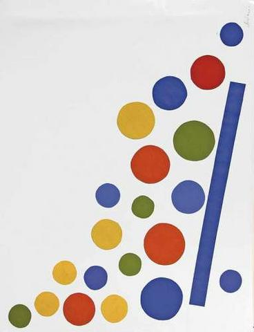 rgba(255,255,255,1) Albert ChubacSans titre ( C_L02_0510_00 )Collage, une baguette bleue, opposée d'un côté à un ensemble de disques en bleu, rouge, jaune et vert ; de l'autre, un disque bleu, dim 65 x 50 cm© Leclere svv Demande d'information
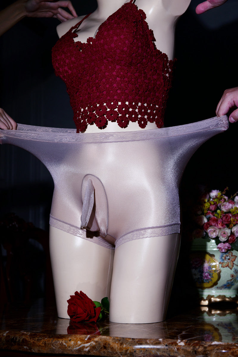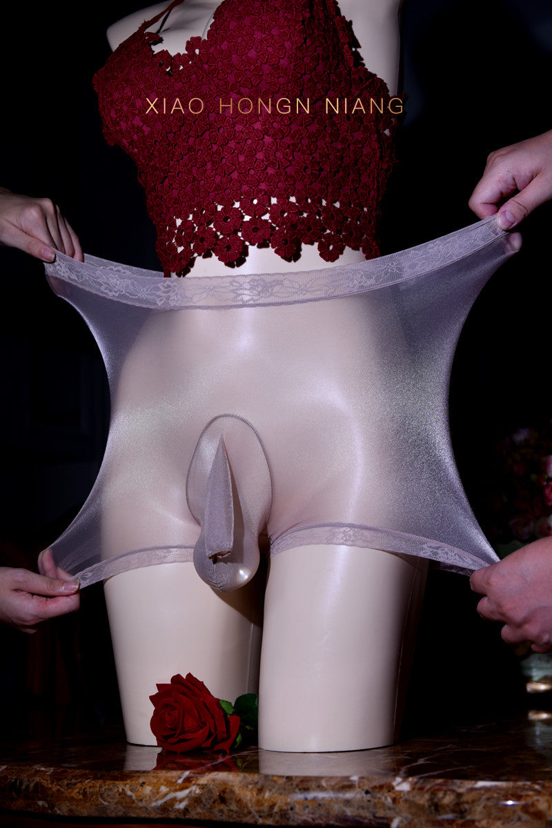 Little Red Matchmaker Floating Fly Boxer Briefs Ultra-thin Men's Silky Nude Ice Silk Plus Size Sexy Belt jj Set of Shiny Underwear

--

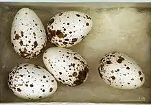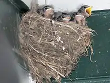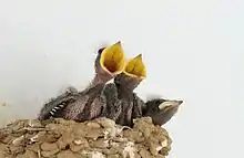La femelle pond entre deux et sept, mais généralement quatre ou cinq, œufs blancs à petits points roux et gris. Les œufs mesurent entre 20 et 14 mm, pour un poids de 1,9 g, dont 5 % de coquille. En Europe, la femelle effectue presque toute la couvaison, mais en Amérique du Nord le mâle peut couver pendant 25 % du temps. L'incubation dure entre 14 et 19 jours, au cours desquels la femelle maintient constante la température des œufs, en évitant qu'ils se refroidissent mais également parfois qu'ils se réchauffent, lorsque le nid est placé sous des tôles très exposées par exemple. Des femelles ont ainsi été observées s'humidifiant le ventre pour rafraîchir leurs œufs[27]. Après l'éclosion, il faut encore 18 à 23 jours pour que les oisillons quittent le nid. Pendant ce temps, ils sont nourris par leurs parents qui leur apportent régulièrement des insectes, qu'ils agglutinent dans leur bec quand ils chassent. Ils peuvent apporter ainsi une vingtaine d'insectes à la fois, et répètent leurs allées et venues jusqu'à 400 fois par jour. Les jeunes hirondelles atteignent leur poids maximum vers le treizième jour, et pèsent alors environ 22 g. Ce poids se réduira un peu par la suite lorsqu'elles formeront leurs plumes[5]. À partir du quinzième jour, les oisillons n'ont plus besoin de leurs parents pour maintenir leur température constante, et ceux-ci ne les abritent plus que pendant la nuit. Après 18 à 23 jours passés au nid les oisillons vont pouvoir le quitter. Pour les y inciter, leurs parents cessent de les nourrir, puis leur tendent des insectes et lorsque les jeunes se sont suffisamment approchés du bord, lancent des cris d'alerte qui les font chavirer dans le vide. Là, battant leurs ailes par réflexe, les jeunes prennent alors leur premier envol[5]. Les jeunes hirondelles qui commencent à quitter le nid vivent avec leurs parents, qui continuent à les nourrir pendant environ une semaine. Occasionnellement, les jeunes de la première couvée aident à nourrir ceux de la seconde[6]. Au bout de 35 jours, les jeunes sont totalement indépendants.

--

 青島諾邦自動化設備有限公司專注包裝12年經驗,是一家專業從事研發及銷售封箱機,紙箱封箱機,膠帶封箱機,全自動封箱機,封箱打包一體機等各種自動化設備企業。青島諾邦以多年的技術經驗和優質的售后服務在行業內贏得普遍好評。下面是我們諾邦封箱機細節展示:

* Work to complete *
Above are the records; restate exactly the lines from the one containing "rgba(255,255,255,1) Albert ChubacSans" through the one containing "Little Red Matchmaker", keeping pictures out.

* Answer space *
 rgba(255,255,255,1) Albert ChubacSans titre ( C_L02_0510_00 )Collage, une baguette bleue, opposée d'un côté à un ensemble de disques en bleu, rouge, jaune et vert ; de l'autre, un disque bleu, dim 65 x 50 cm© Leclere svv Demande d'information
 Little Red Matchmaker Floating Fly Boxer Briefs Ultra-thin Men's Silky Nude Ice Silk Plus Size Sexy Belt jj Set of Shiny Underwear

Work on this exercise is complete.